What is a Service Level Agreement?

A service level agreement is a contract between a service provider and a customer that specifies what the services are being provided by the service provider. The services can be measured, justified and compared to those who are providing the same services.

 

The benefits of SLA:

  1. A proper SLA helps to strengthen communication, so that the parties come to better understand each other’s need, priorities and concerns.
  2. The SLA process facilitates the identification and discussion of expectations. Therefore, the two parties will achieve shared expectations about services and service delivery.
  3. With shared understanding about needs and priorities .An SLA and the communication process involved helps to minimize the number and intensity of conflicts.
  4. SLA provides mechanism for periodic review and modifications to services, expectations and responsibilities due to changing circumstances.
  5. With the presence of an agreement, SLA provides a consistent, on-going and mutually agreed to basis for assessing the service effectiveness.

The key components to SLA:

  1. List the exact services being provided so that customer will not expect more than the expected services listed in the SLA.
  2. Let the customer know what they should expect from you and what you expect from them.
  3. SLA give customers a timetable to let them know how long it will take the service provider to get back with them via phone call, email or whatever agreed upon method is.
  4. Let the customer know what is the procedure for any disagreement and how exactly it is handled will gives the customer peace of mind.
  5. The SLA let you know when you’re expected to pay and if you don’t pay by that time, what the repercussions will be.

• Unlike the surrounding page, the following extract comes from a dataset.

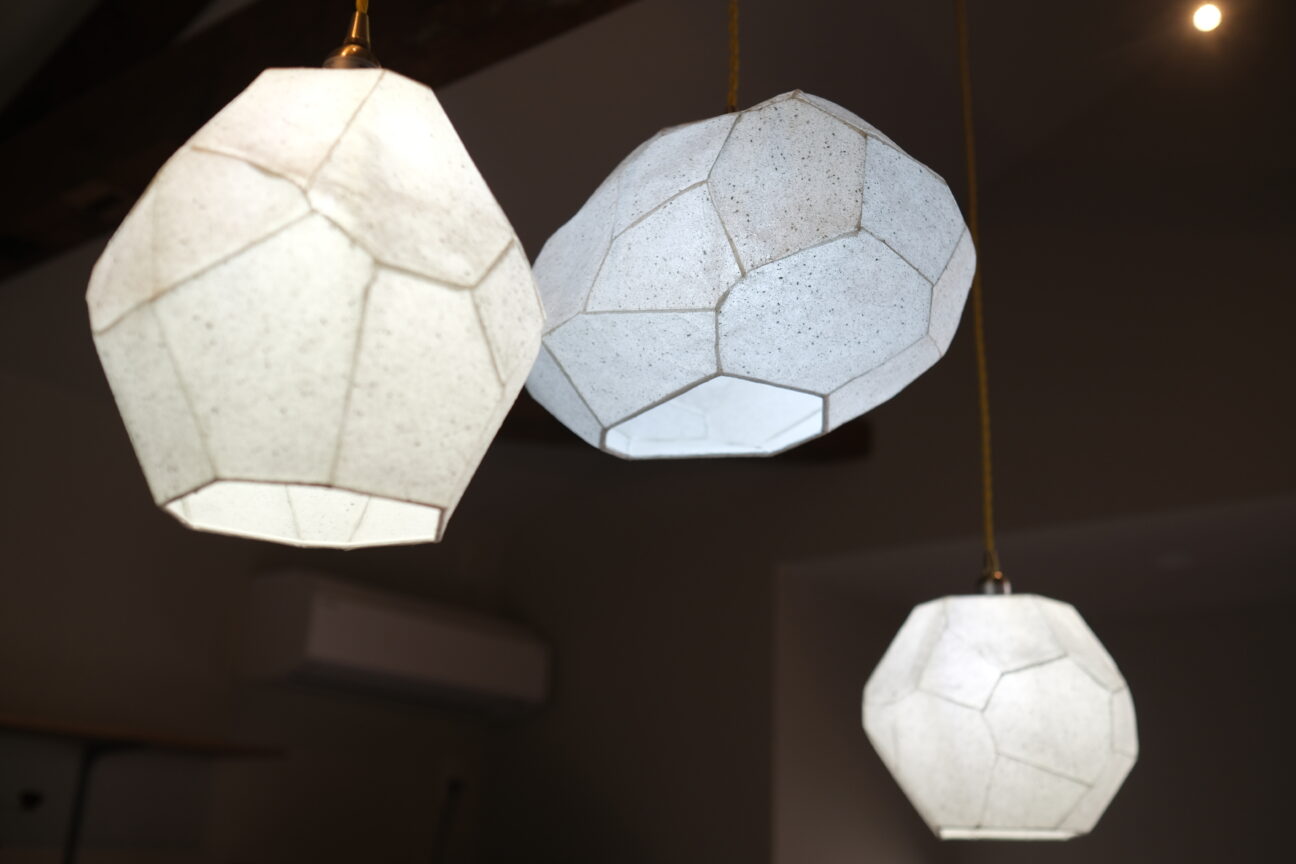 笏谷石が練り込まれた和紙のライト
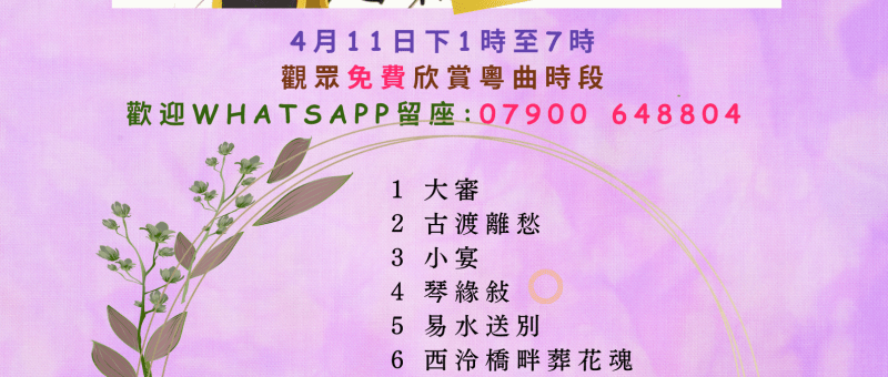📢 粵曲欣賞免費活動|依士靈頓開心粵曲組 🎭 日期:2026年4月11日(星期六)🕐 時間:下午1:00 至 7:00📍 地點:ICA 上層禮堂(Upper Hall) 21 Hatchard Road, London N19 4NG 🎶 現場樂隊伴奏,觀眾免費入場欣賞!依士靈頓開心粵曲組誠邀喜愛粵曲的你前來觀賞! 📲 留座請 WhatsApp:07900 648804 🪕🪈🎤🎼🎼🎤🪈🪕 🎼 曲目次序如下(如有更改,恕不另行通知): 1 大審2 古渡離愁3 小宴4 琴緣敍5 易水送別6 西泠橋畔葬花魂7 武則天與王皇后8 大審9 胭脂巷口故人來10 魂回救裴11 花田錯會12 良朋 📢 Free Cantonese Opera Appreciation Event|Islington Happy Cantonese Opera Group 🎭 Date: Saturday, 11 April 2026🕐 Time: 1:00…

Popular metrics used in Customer service:

  1. Turn Around Time: The time it takes you to complete any given task.
  2. Time Service Factor: A percentage of calls answered within a defined timeframe.
  3. Average Speed to Answer: This is self-explanatory, the amount of time it takes to have a call answered by your customer service agents.
  4. Abandonment Rate: Percentage of calls abandoned while they are waiting to be answered.

Why do SLAs fail?

  1. Service providers want to create an SLA to suppress customer complaints. Conversely, customers want to use an SLA to blow the service provider whenever service slips.
  2. The process of communicating and building the foundation for a win-win relationship is essential to the success of SLA. It is much more than just filling in the SLA template. If the relationship is lacking, even the best-written document will be worthless.
  3. Both parties must be involved in the formulation of an SLA. If one party attempts to control the process, member of the other party may resist its provision even if they might otherwise support them.
  4. A common misconception is that once the SLA document is complete, the job is done. As a result, an SLA that is not managed fails upon implementation.

So please, if you haven’t done so, ask yourself: “Did we formalise our relationship with the service provider? Has an NDA been singed? Are proper SLAs measurements in place?”. Gone are the days of a handshake agreement. We now need proper documentary proof to govern how we run our businesses.